You may have noticed signs advertising nitrogen fills at tire stores around town and wondered why anyone would want or need to fill their tires with anything other than plain air. Nitrogen fill for tires is advertised as being better than air, but it also costs more and is more difficult to find than air. If you are curious about this type of tire filler, read on to learn more about nitrogen in tires.

The Benefits of Nitrogen

The main benefit of nitrogen over pure air is related to the size of its molecules, which are larger than air molecules alone and therefore less likely to leak out through the rubber of the tire. Since maintaining the correct air pressure can give you improved gas mileage, better road handling and make your tires last longer, the benefit is clear. As an added plus, nitrogen won't mix with water, so the problem of dry rot caused by moisture leakage is eliminated.

Checking for proper inflation on your tires often gets neglected, and even with tire pressure warning systems on most cars nowadays, the issue persists. Often, by the time we notice a problem or the warning lights up, it's too late and the damage may already have been done. The use of nitrogen means a more carefree approach, with one less thing to worry about as often since the air leaks out far more slowly than if filled with just plan air.

The Problems with Nitrogen

Nitrogen fills cost quite a bit more than the few cents you might pay at most gas stations; up to $6.00 per tire, depending on where you live. It's worth noting that the "plain" air that you get at most air stations for a few cents is already as much as 80% nitrogen. Nitrogen has not become popular enough for the fills to be widely available, but you can mix gases in the same tire and you can use a tire or two with different types percentages of air and nitrogen without harm or danger.
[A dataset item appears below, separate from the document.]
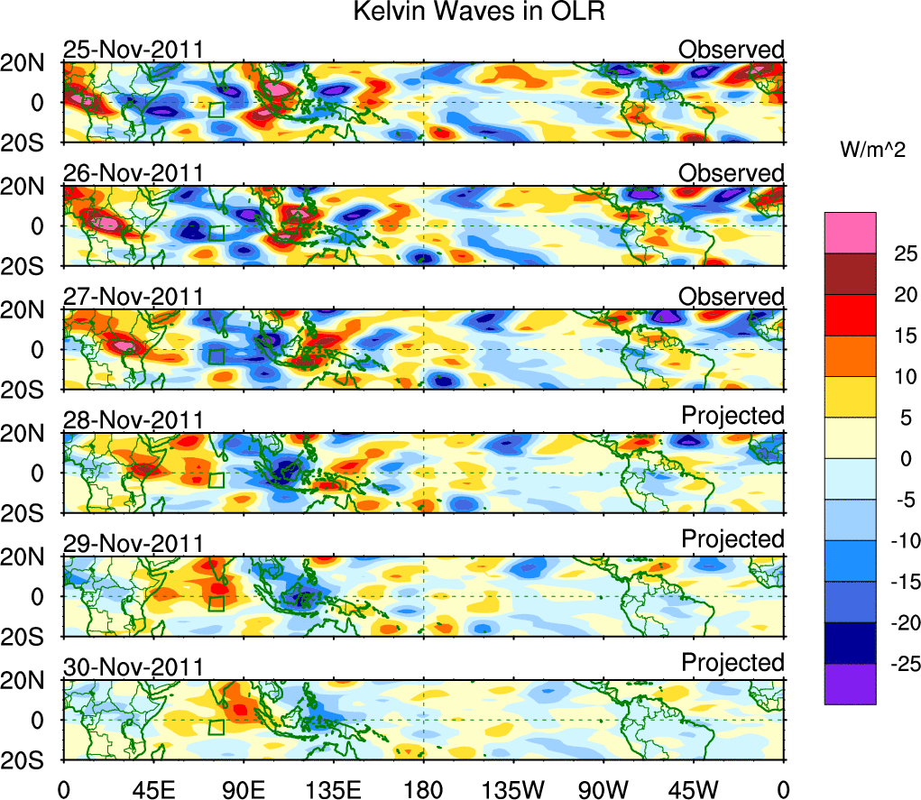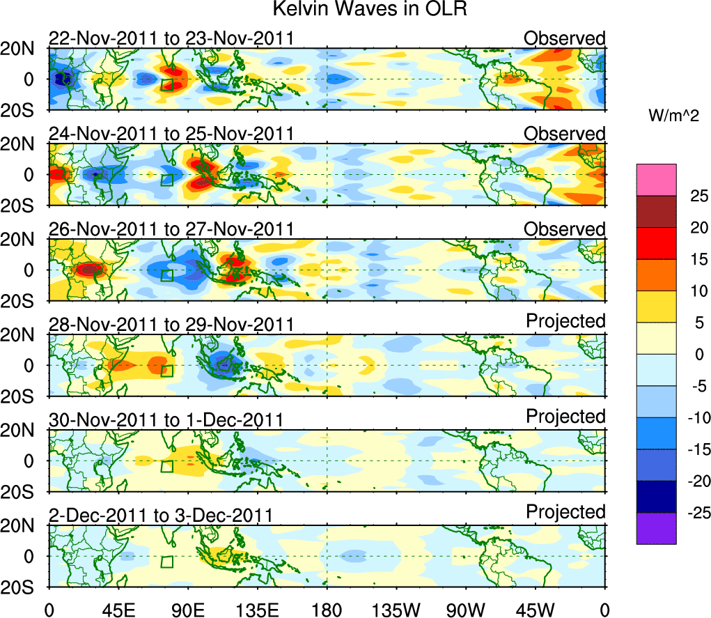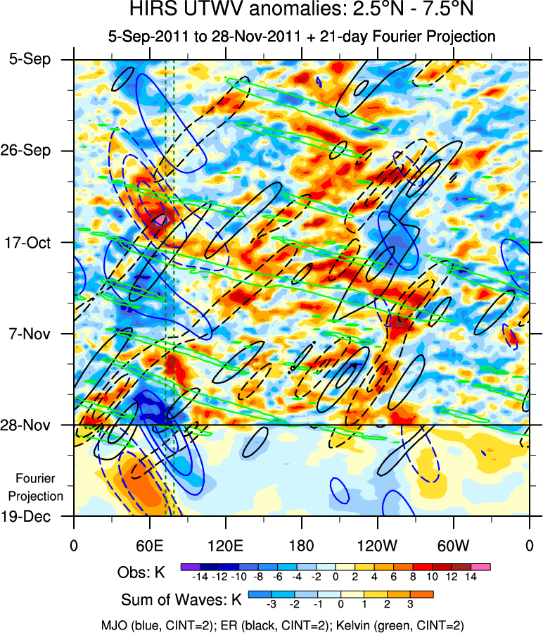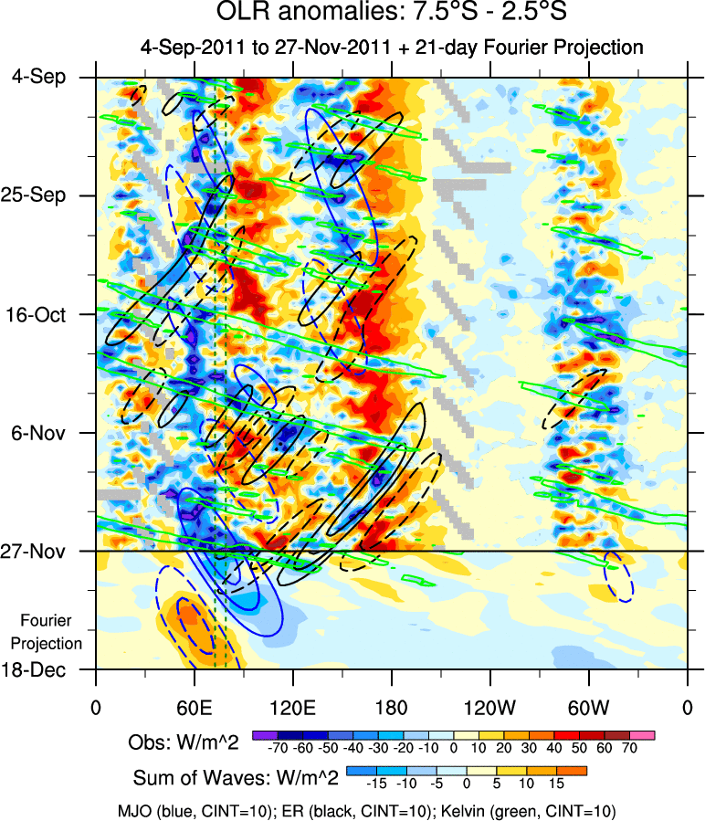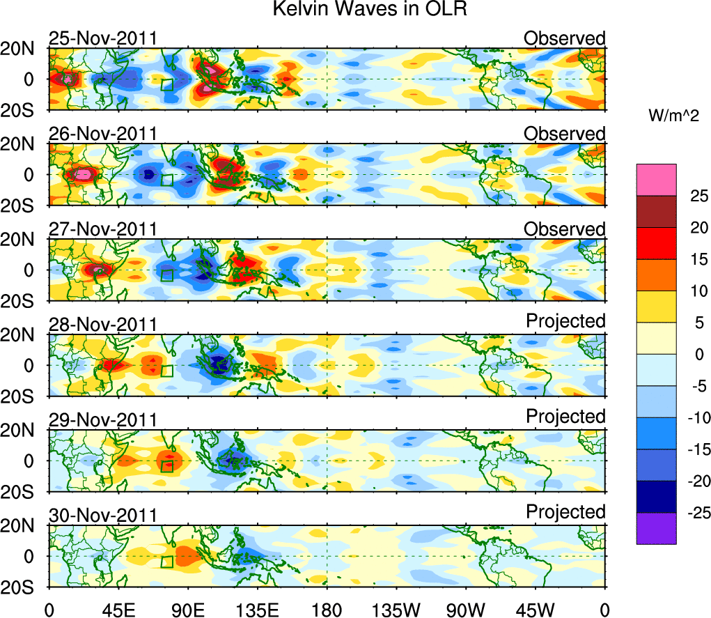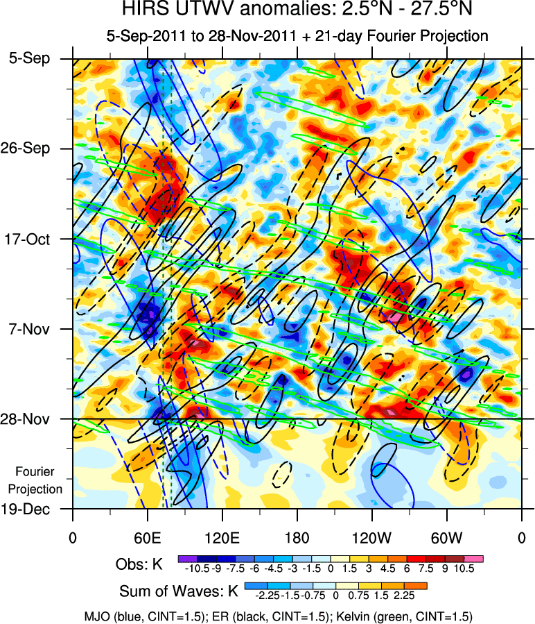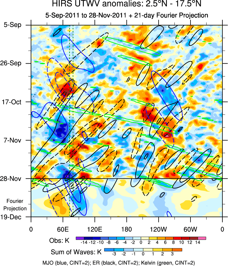 To identify tropical waves in near real-time, the OLR and UTWV data are filtered following Wheeler & Weickmann (2001 MWR). The daily anomalies are calculated using the first 3 harmonics of the seasonal cycle for 1979–2009. Missing values are then filled using linear interpolation in space and time. The most recent 365 days of anomalies are padded with 659 days of zeroes, and the result is filtered for each wave type.

The air retention capabilities were tested by Consumer Reports and only a minimal improvement of 1.5 psi was found over plain air. This study concluded that the minor improvement in air retention did not justify the far higher cost of nitrogen over air.

Regardless of what you choose to fill your vehicle's tires, your best value can be had using the correct air pressure for your vehicle at all times. Not only does your vehicle get better gas mileage with the proper fill amount, but your braking ability is literally riding on proper inflation. The Car Talk experts recommend that you check your air pressure at least once a month.